You can find the TMVA documentation here. The most imporant functions accessible here are:

1a) View input variables
4a) View BDT response of the test sample
4b) View BDT response of both test & training sample
5a) View ROC curve

You can use button (1a) to take a look at the normalized signal and background plots of the input variables. In the minimal example, only the impact parameter dz with respect to the primary vertex and the number of tracker layers with measurement are used. For each event, the BDT gives a BDT classifier ranging from -1 to 1 and indicates whether the event is background- or signal-like. A plot showing this classifier is accessible with button (4a). In this plot, we want to aim for a good separation between signal and background, which would allow us to put a cut on the BDT classifier to select disappearing tracks (signal).

By default, TMVA uses half of the input samples for training, the other half for testing. As the training should be general and not specific to one half of the dataset, the testing sample is used to verfiy no overtraining has taken place. Button (4b) shows an overlay of the BDT response plot for both the test sample and training sample, which ideally should look the same.

Button (5a) reveals the "receiver-operator curve", or ROC. For each event, the signal eff(sg) and background efficiencies eff(bg) are calculated. The background rejection efficiency is 1-eff(bg). The ROC curve is used to select a a point with high signal and high background rejection efficiency, which is linked to a cut on the BDT classifier.

Have a look at the tmva.cxx macro. On the top, you can specify whether you want to train using pixel-only or pixel+strips tracks by adjusting the path. After that, the signal and the relevant background files are added:

W jets -> lepton + neutrino binned in HT
TTbar jets binned in HT
Drell-Yan jets -> dilepton binned in HT

Each sample is added to TMVA with the correct weight of cross section * luminosity / number of events.

Below that, you can add/modifiy variables used for the training, with 'F' indicating float and 'I' indicating integer variables:

factory->AddVariable("dzVtx",'F');
factory->AddVariable("nValidTrackerHits",'I');

The configuration of the BDT is made with

factory->BookMethod(TMVA::Types::kBDT, "BDT", "NTrees=200:MaxDepth=4");

where we configure a BDT with 200 trees and a maximum depth of 4.

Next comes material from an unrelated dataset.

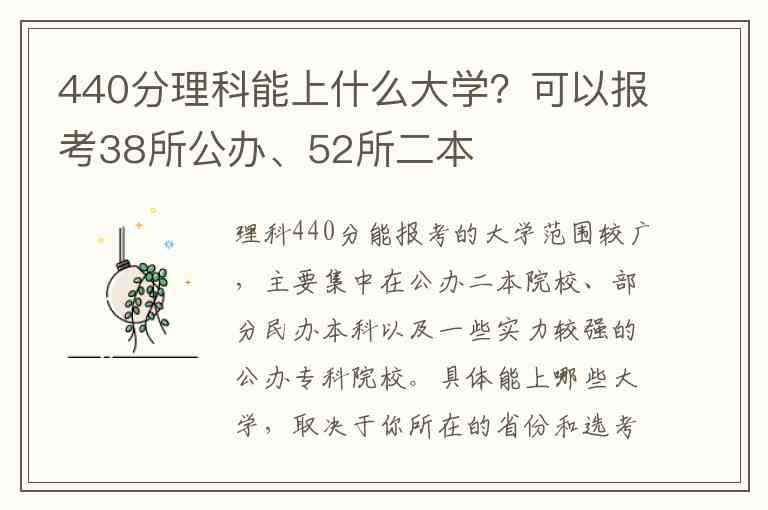 理科440分能报考的大学范围较广,主要集中在公办二本院校、部分民办本科以及一些实力较强的公办专科院校。具体能上哪些大学,取决于你所在的省份和选考科目。

Relevant tracking variables available in the tree are:

chargedPtSum, the sum of charged particles around a small cone around the track
chi2perNdof, indicating the goodness of the track fit
deDxHarmonic2, the deposited energy per distance
dxyVtx and dzVtx, the impact parameter indicating the displacement of the track with respect to the primary vertex
eta, phi, pt, the kinematic variables
matchedCaloEnergy, the deposited energy in the calorimeter for a small cone around the track
nMissing*Hits, missing hits on the track trajectory (no hits detected)
nValid*Hits, number of hits of the track
pixel/trackerLayersWithMeasurement, number of tracker layers with measurement
ptErrOverPt2, the error on pT divided by pT^2
trackQuality*, a set of track quality criteria. High purity tracks are recommended
trkRelIso, the track isolation

Exercise: Find the best combination of input variables and the best BDT configuration. Compare different ROCs and check for overtraining to get the maximum in signal and background rejection efficiency.

Some hints:

The TCut variables "mycuts" and "mycutb" can be used to apply cuts before the BDT training. This can be useful to exclude certain ranges of input parameters to improve BDT performance, as well as to set the number of signal and background events used for training and testing. The latter may become necessary when exploring many different TMVA configurations. For example, to consider only tracks with pT>50 GeV and 100 events for training and testing in total, write:

TCut mycuts = ("pt>50 && event<100");
TCut mycutb = ("pt>50 && event<100");

Note that by changing the number of events, you need to adjust the "Nev" variable for each signal and background sample as well in order to use the correct weighting.

Comparing TMVA results

TMVA stores the output by default in "output.root" and a folder containing the weights of the BDT along with a C helper class to apply the weights to a given event. You can use roc_comparison.py to overlay different ROC curves, which you can specify in the last line:

plot_rocs("comparison.pdf", ["./output1.root", "./output2.root", ...])

Run it with

$ python roc_comparison.py

Selecting a lower cut on the BDT classifier

After you have decided on a BDT configuration, you need to select a lower cut on the BDT classifier to separate signal tracks. One possible way to do this is to calculate the significance Z = S/sqrt(S+B) for each combination of signal and background efficiency, and then to determine the BDT classifier value with the highest significance:

$ python best_tmva_significance.py

This script will produce a similar plot as when accessing button (5a), but gives you greater flexibility and considers the total amount of signal and background tracks used in the training.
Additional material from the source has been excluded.